Write out, word for word and with no pictures, each line below from the one containing "5081 스카라 델리카토" through the one containing "The FRIGG line", both included, and no other line.

[Data items]
[Start of Attachment]

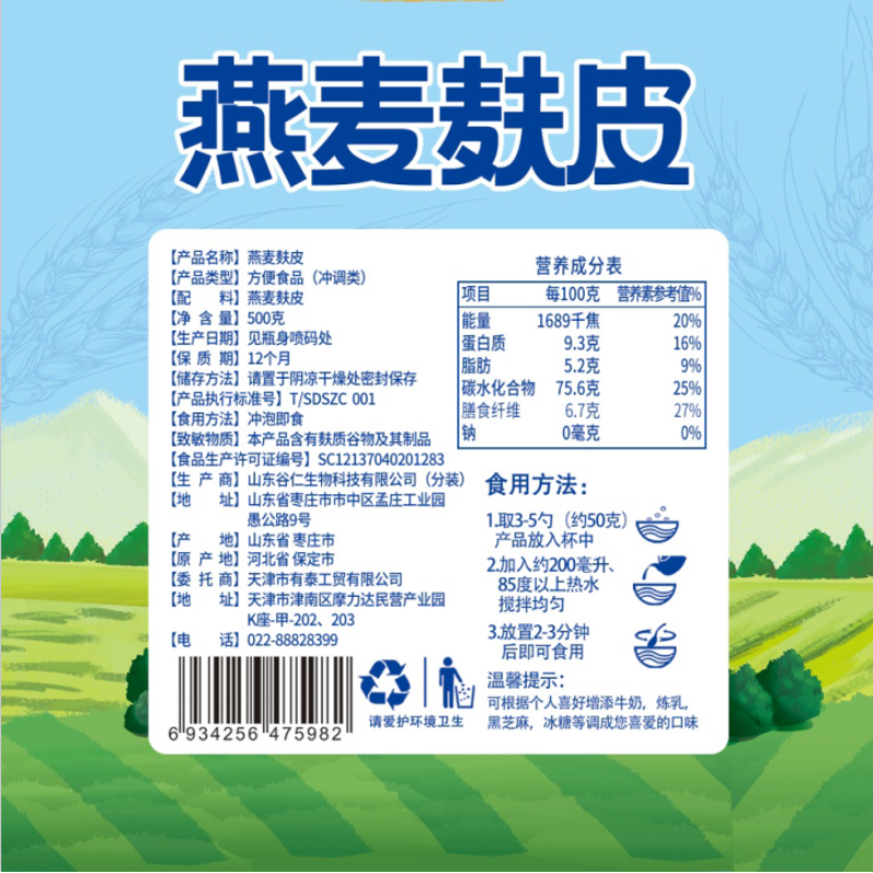 【知味斋】燕麦麸皮即食燕麦片冲饮谷物健身代餐饱腹早餐食品500g *2
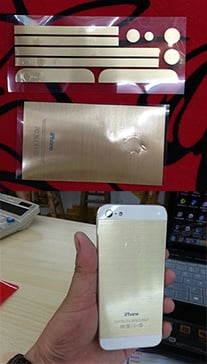 金色 iPhone 5S 上市后,市面上出现“一机难求”的场面。网上很快出现一款价格 20 元左右的金色 iPhone 贴纸,可以将普通 iPhone 瞬间变成“土豪金”。
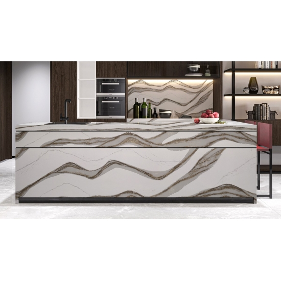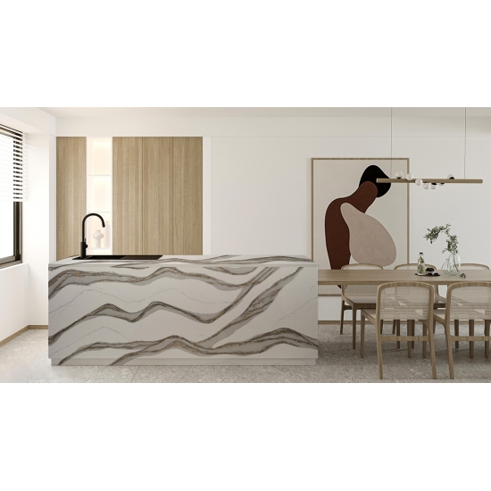 5081 스카라 델리카토 쿼츠는 은은한 회색 줄무늬가 부드러운 흰색 바탕에 우아함을 더하는 세련된 석재입니다. 천연 대리석의 변치 않는 아름다움에서 영감을 받은 이 디자인은 쿼츠의 향상된 내구성과 손쉬운 관리를 제공합니다. 섬세한 줄무늬가 표면을 따라 자연스럽게 흐르며 어떤 공간에도 세련된 분위기를 선사합니다.
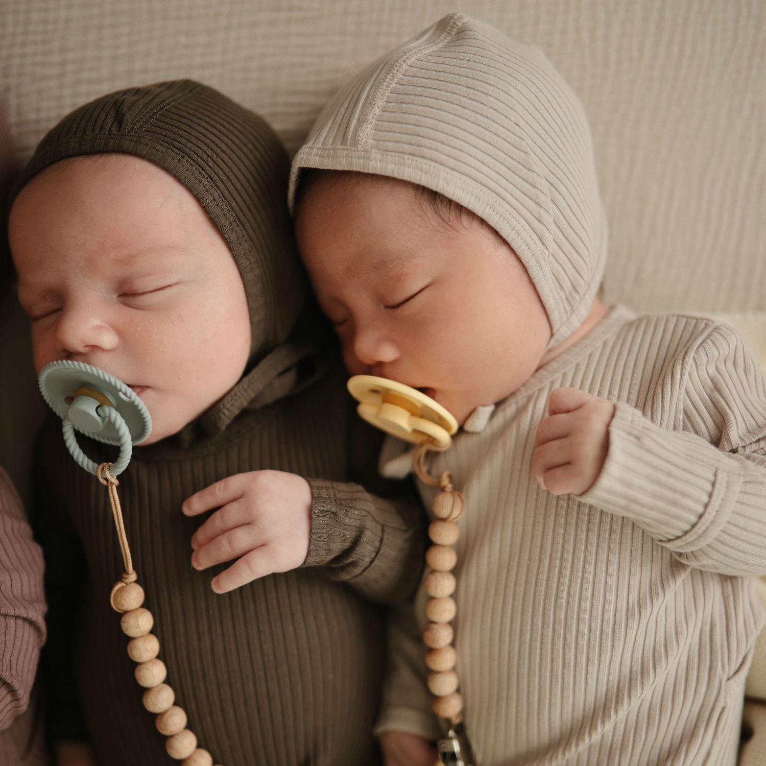 The FRIGG line of silicone pacifiers have been thoughtfully designed for your baby's comfort. The outward curve keeps the pacifier off their delicate skin, while features like air holes and a security handle ensure your baby stays safe. Available in a range of soft colors, FRIGG pacifiers make a beautiful addition to your collection of baby essentials.
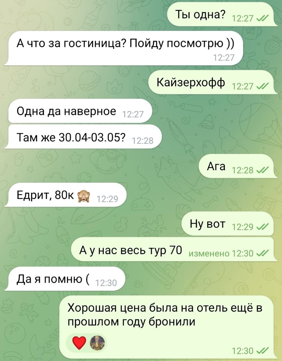 ?! И тут ничего кроме, а надо было раньше не скажешь. Честно сказала, чтобы избежать большого штрафа пришлось отказаться от последнего номера. Ну а дальше читайте переписку. Мы всё бронируем сильно заранее. Но что об этом уже говорить? Давайте просто сделаем выводы, и чтобы потом не было томительно больно, подумайте прямо сейчас про весенний Нежный Нижний Новгород. Билеты на Ласточку такая штука, сегодня они есть и вот уже их нет! Наш тур выходного дня станет отличным мостиком в лето! В мае там будет сказочно. И город хорош, и мы постарались! И мастер -класс, и экскурсия и даже спектакль в музее! Нереальное комбо на выходные! Нижний Новгород 16-17 мая https://dzen.ru/media/uletimru/vesennii-nejnyi-nijnii-novgorod-jdet-68987fd74ae95f6e4204ae79 Бронь только у меня 👇 @IrinaPolezhaeva Наш канал в MAXе
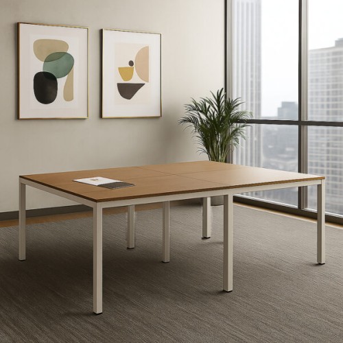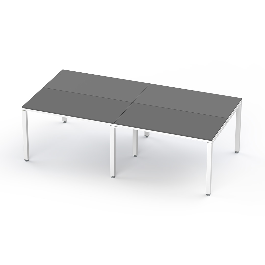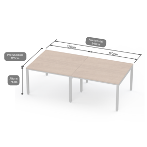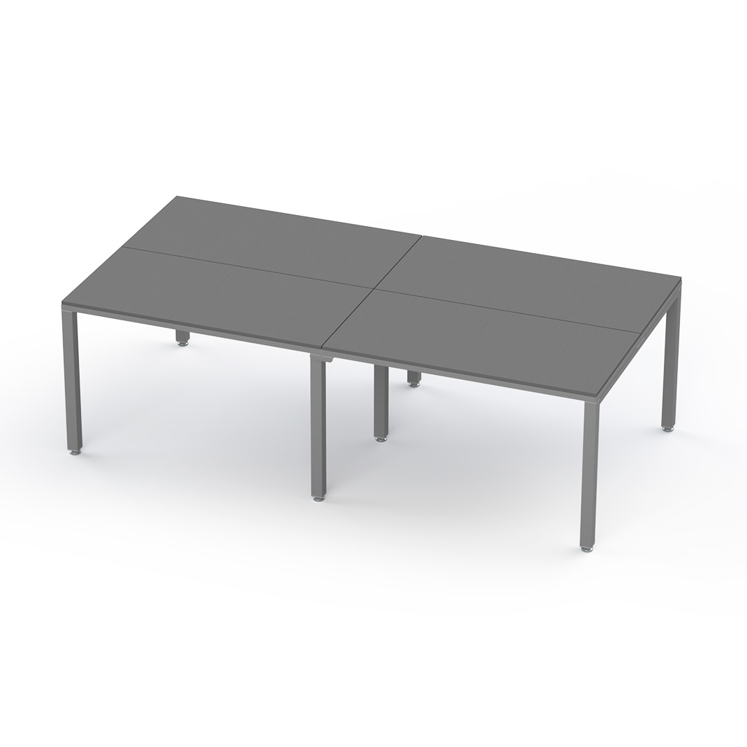 Billydesk es un sistema modular de oficina, flexible y funcional. Cubiertas de melamina 16 mm con cantos PVC, estructura y patas metálicas con pintura electrostática, niveladores y ensamble fácil. Resistente y durable, para 4-6 usuarios.
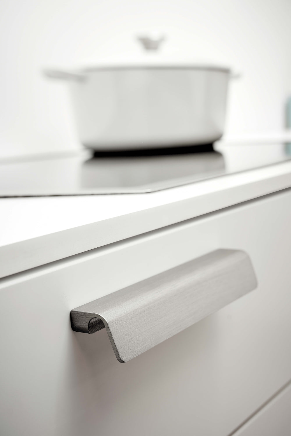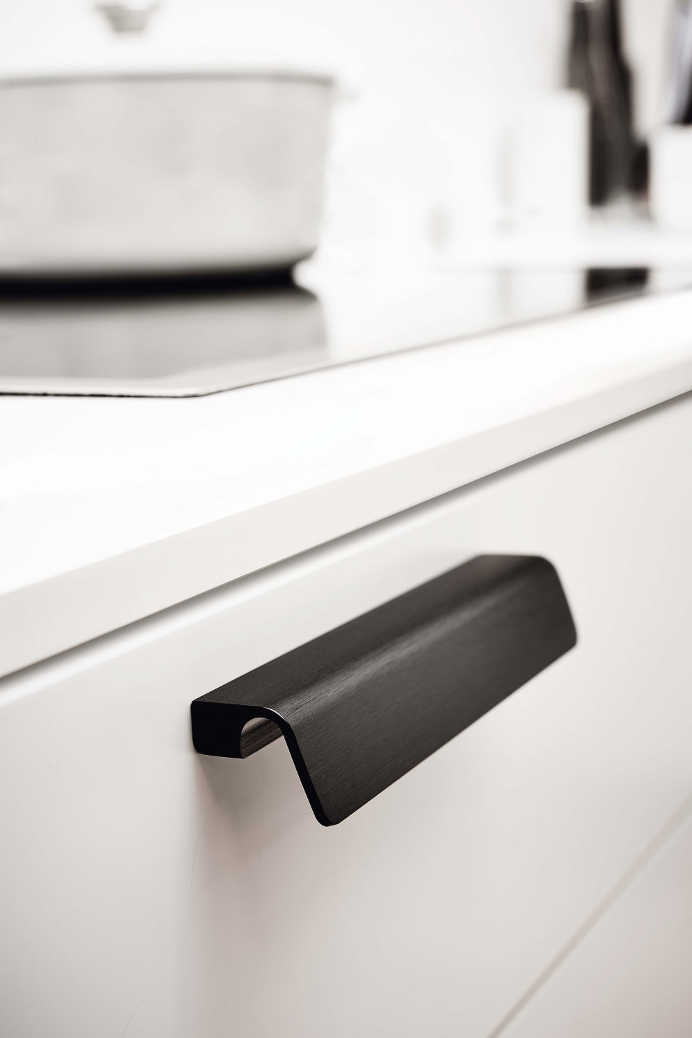 Fringe er en moderne skandinavisk fortolkning af de gamle industrielle greb, vi kender fra funktionelle møbler i f.eks. gamle værksteder og arkiver. Som navnet antyder er Fringe designet, så grebet er båret af den “kant”, der giver grebet identitet på siden. Denne kant laver et blødt, men præcist, forløb, der løber i længden af grebet. Desuden tegner grebet en rolig og tydelig flade op mod brugeren, så det samlede udtryk på køkkenet bliver smukt og harmonisk.
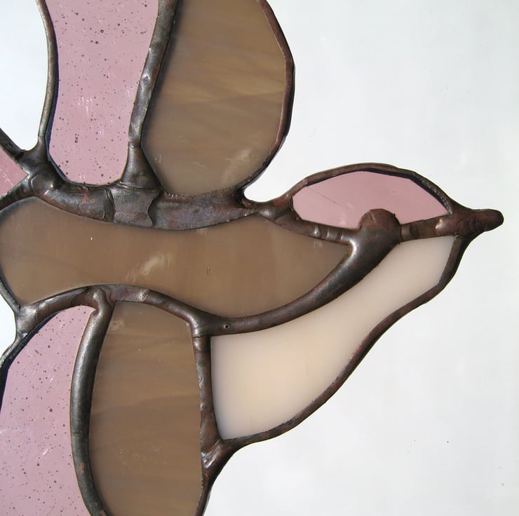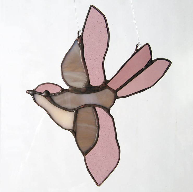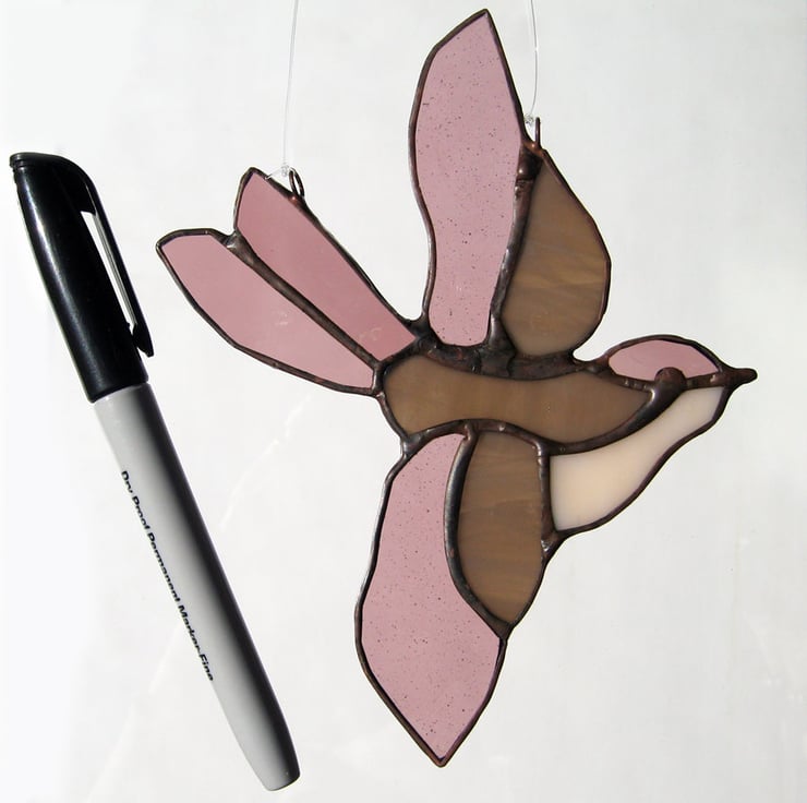 This little bird light catcher has been made using the copper foil technique. Each piece of shaped glass is edged with copper foil, soldered together and finished with a polished bronze patina.
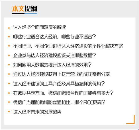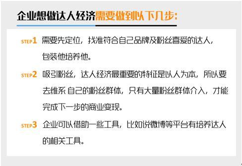 首先,需要先定位,找准符合自己品牌及粉丝喜爱的达人,包装他培养他。 第二步,吸引粉丝,达人经济最重要的特征是以人为本,所以要去维系自己的粉丝群体,只有大量粉丝群体介入,才能完成下一步的商业变现。 最后,企业可以借助一些工具,比如说微博等平台有培养达人的相关工具。 九枝兰:随着达人经济发展的火爆,也有越来越多的企业跃跃欲试,希望加入到达人经济的建设中来。针对不同行业、不同规模的企业,参与达人经济建设需要注意些什么? 王传鹏:从技术上来看,不同行业、企业的达人经济建设在方法论和工具的使用上没有太大的区别,采用相同的方法就能达到很好的效果。不同点是社交媒体上即使有很多的工具可以去帮你,但最终达人的影响力究竟能培养成多大以及实现多少商业变现还要看达人的专业度和投入度。 比如说现在微博上比较高端的网红,是二三线的明星下来做网红,他们可能一天发十条微博,他需要精心的去经营这微博怎么发,应该拍什么样的照片。 这些网红使用的工具和流程是一样的,但是对于以账号为中心的人,运营方式有一些区别,不同的企业都要去揣摩。工具只是提供统一、固定的方式方法,企业还需要了解到自己的商品定位是什么,并在达人的维护过程中、粉丝关系的维系过程中找出不同的方法来。 九枝兰:什么行业适合达人经济这种ROI较高的渠道,哪些行业不适合? 王传鹏:首先,我们一定会做非标准的行业,比如服装,美食,美妆。其次,是具有讨论性质的商品,满足这两类条件的行业在达人经济的环境下会有比较好的效果。因为达人经济需要有一个氛围,进行相应的沟通。比如服装大家会讨论这件衣服好不好看,什么款式的,值多少钱,为什么值这些钱。
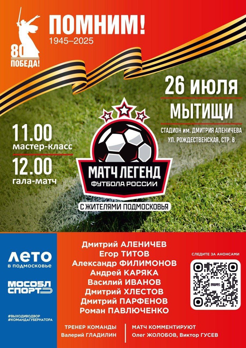 Подробности по Матчу Легенд с жителями Подмосковья, который пройдет в Мытищах 26 июля!
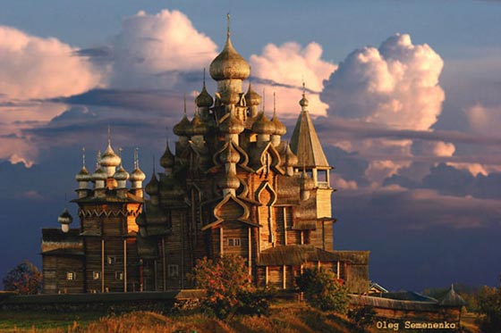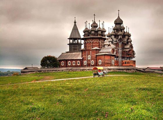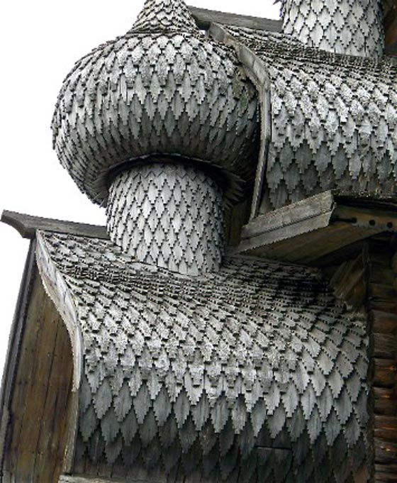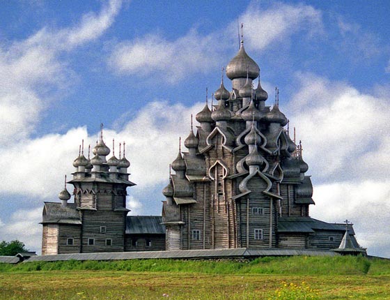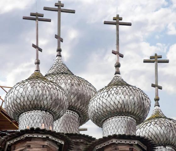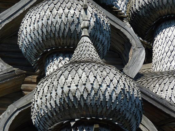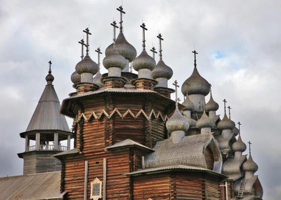 فوق جزيرة صغيرة في روسيا، تقف كنيسة متعددة القبب، عمرها أكثر من 300 عام، بُنيت تماماً من دون استخدام أي مسمار وهي مثال رائع يجسد العمارة الروسية في القرن الثامن عشر. تعد جزيرة كازاي موطناً لكنيستين خشبيتين وبرج جرس ثماني الأضلاع، وكان تقليد البناء في روسيا يعتمد على استخدام الجذوع الخشبية فقط بزواياً متشابكة، ومن دون أي تعزيز بالمسامير أو الصلب.
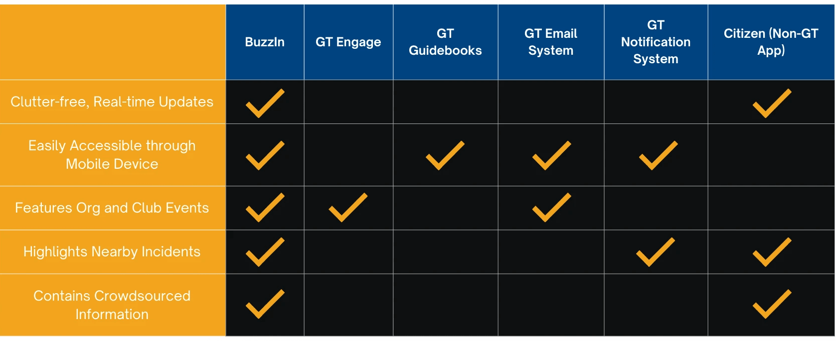 Student use of GT Event apps and other third-party apps was found to be negligible and we noted an average satisfaction with the current system.
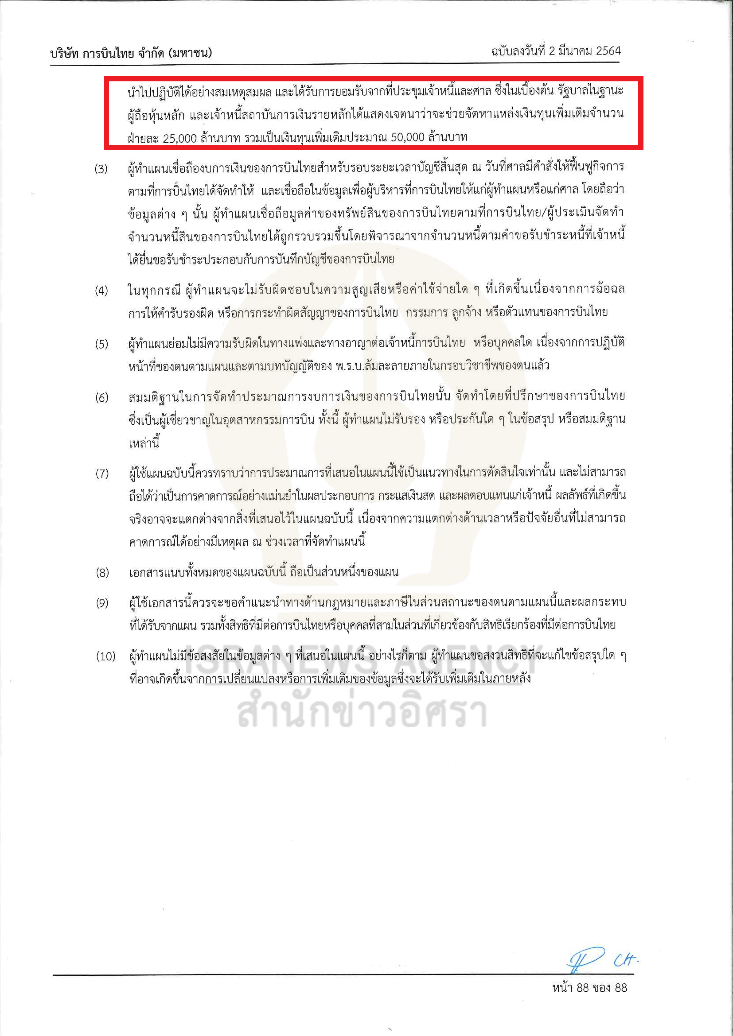 สำนักข่าวอิศรา (www.isranews.org) รายงานว่า จากกรณีผู้ทำแผนฟื้นฟูกิจการของบริษัท การบินไทย จำกัด (มหาชน) ส่งแผนฟื้นฟูกิจการของบริษัท การบินไทย ให้กับเจ้าพนักงานพิทักษ์ทรัพย์ กองฟื้นฟูกิจการของลูกหนี้ กรมบังคับคดี และเจ้าหนี้ของบริษัท การบินไทย เมื่อวันที่ 2 มี.ค.2564 พบว่า ภายใต้แผนฟื้นฟูกิจการฯดังกล่าว บริษัท การบินไทย จะมีการปรับโครงสร้างทุน โดยการลดทุนและเพิ่มทุน ซึ่งมีรายละเอียด คือ
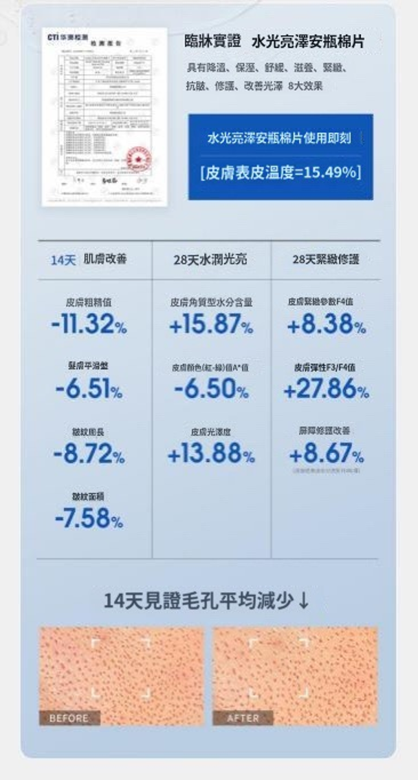 (一盒水光棉片≈1整支藝人還幼水光原液)——蘊含6重多肽,促進膠原蛋白合成,誘導皮膚細胞生成,給肌膚哐哐補充養分,爲皮膚注入活力,水潤光澤肌膚。
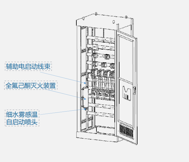 海天消防配电柜超细干粉灭火装置主要由装置本体、热敏线、安装支架等部件组成,可选配温度反馈启动元件,实现自启动+辅助启动复合启动控制模式。
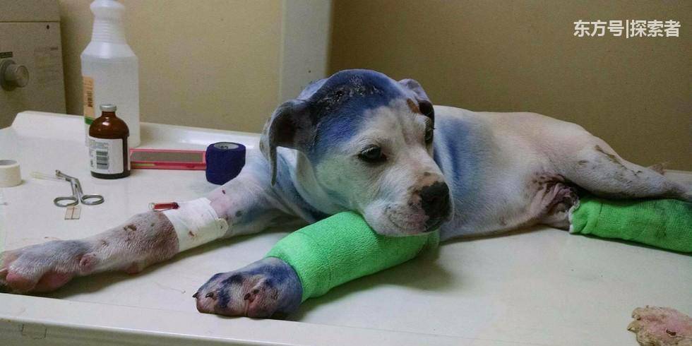 在美国加州的一所宠物医院内,一只4个月大的流浪狗萎靡不振的躺在医院的病床上,这只流浪狗遭到虐待,全身被人喷满了油漆,并被车子拖行之后导致腿部严重受伤,流浪狗身体十分虚弱,看到人都感到十分的害怕。

[End of Attachment]

=== REPLY TO THE EXERCISE ===
 5081 스카라 델리카토 쿼츠는 은은한 회색 줄무늬가 부드러운 흰색 바탕에 우아함을 더하는 세련된 석재입니다. 천연 대리석의 변치 않는 아름다움에서 영감을 받은 이 디자인은 쿼츠의 향상된 내구성과 손쉬운 관리를 제공합니다. 섬세한 줄무늬가 표면을 따라 자연스럽게 흐르며 어떤 공간에도 세련된 분위기를 선사합니다.
 The FRIGG line of silicone pacifiers have been thoughtfully designed for your baby's comfort. The outward curve keeps the pacifier off their delicate skin, while features like air holes and a security handle ensure your baby stays safe. Available in a range of soft colors, FRIGG pacifiers make a beautiful addition to your collection of baby essentials.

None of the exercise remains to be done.